As illustrated, the ice making chamber 23 may be formed by being recessed by a door liner 211 forming the rear surface of the refrigerating compartment door 21. In addition, the opened rear surface of the ice making chamber 23 may be opened and closed by the ice making chamber door 231. In addition, a cold air inlet 232 through which cold air is introduced and a cold air outlet 233 through which cold air is discharged may be formed at the upper part and the lower part of the ice making chamber 23, respectively.

A mounting member 26 may be provided on the inner surface of the ice making chamber 23. The ice maker 30 and the ice bank 27 may be fixedly mounted on the mounting member 26. The mounting member 26 may form a part of the front surface and the lower surface of the ice making chamber 23. In addition, an ice maker mounting part 261 to which the ice maker 30 is coupled may be formed on the mounting member 26.

An ice chute 234 communicating with the dispenser 24 may be formed on the lower surface of the ice making chamber 23. When the dispenser 24 is operated, ice stored in the ice bank 27 may be discharged to the dispenser 24 through the ice chute 234.

Below, the ice maker 30 will be described in detail with reference to the drawings.

FIG. 4 is a perspective view illustrating an ice maker according to the first embodiment of the present disclosure, FIG. 5 is an exploded perspective view illustrating the ice maker, FIG. 6 is a perspective view illustrating a state where the second tray of the ice maker is open, FIG. 7 is a cross-sectional view illustrating the ice maker, and FIG. 8 is a cross-sectional view illustrating a state where the second tray of the ice maker is open.

As illustrated, the ice maker 30 may include a first tray 40 and a second tray 50 for making a plurality of spherical ice cubes. In addition, the ice maker 30 may include a cover 60 for guiding the flow of cold air to the first tray 40. In addition, the ice maker 30 may include a motor part 70 for moving the second tray 50. In addition, the ice maker 30 may include a first ejector 80 for separating ice from the first tray 40 and a second ejector 90 for separating ice from the second tray 50.

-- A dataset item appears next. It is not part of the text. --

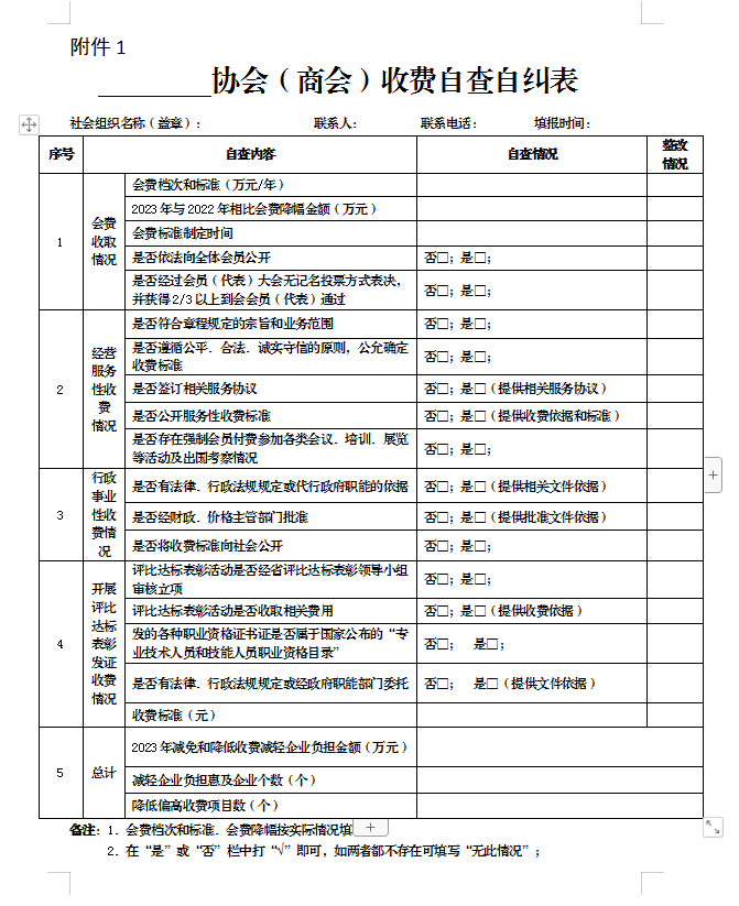 整治重點:(1)強制或變相強制入會并收取會費,強制會員單位參加各類會議、培訓、考試、展覽、評比評選、出國考察等各類收費活動;(2)只收取會費不提供服務,或者對會費所包含的基本服務項目重復收取費用,變相提高收費標準,只收費不服務或少服務的;(3)利用分支(代表)機構多頭收取會費;(4)采取“收費返成”等方式吸收會員、收取會費;(5)會費標準超過4檔,或同一會費檔次再細分不同標準,或采用浮動性會費標準;(6)會費標準未經2/3以上會員(代表)出席的會員(代表)大會并經出席會員(代表)1/2以上以無記名投票方式表決通過;(7)利用法定職責或者行政機關委托、授權事項違規收費;(8)通過評比達標表彰活動收費;(9)通過職業資格認定違規收費;(10)收取會費未開具社會團體會費票據,或者對會員、企業的捐贈費用開具會費票據的;(11)強制市場主體提供贊助、捐贈、訂購有關產品或刊物;(12)違規設置分支(代表)機構、未向登記管理機關備案分支(代表)機構,以設立分支機構、代表機構的名義收取或變相收取管理費、贊助費;(13)以擔任理事、常務理事、負責人為名向會員收取除會費以外的其他費用;(14)強制性經營服務性收費項目的收費標準未按照規定程序制定或修改;(15)實行市場調節價格的經營服務性收費項目收費標準不合理;(16)假借慈善、鄉村振興、扶貧、項目開發名義收取會員單位、企業費用用于從事非法集資、傳銷等活動;(17)接受政府部門或其他單位委托舉辦展覽、展銷等活動收取費用明顯偏高,出現費用大量節余;(18)不通過“信用中國”網站以及協會商會門戶網站、微信公眾號等管道,向社會公示收費項目、收費性質、服務內容、收費標準及依據等信息;(19)違反規定以保證金、押金、捐贈、贊助等形式變相收費;(20)其他企業和群眾反映強烈的亂收費行為。

Meanwhile, in this embodiment, a structure in which the first tray 40 and the second tray 50 are arranged vertically is described as an example, but the present disclosure is not limited thereto, and various structures capable of making and separating ice by rotation or reciprocating movement of the second tray 50 may be possible. For example, a structure may be provided in which the first tray 40 is fixed, the second tray 50 moves in one direction to receive water and then make ice, and the second tray 50 moves in another direction to separating ice.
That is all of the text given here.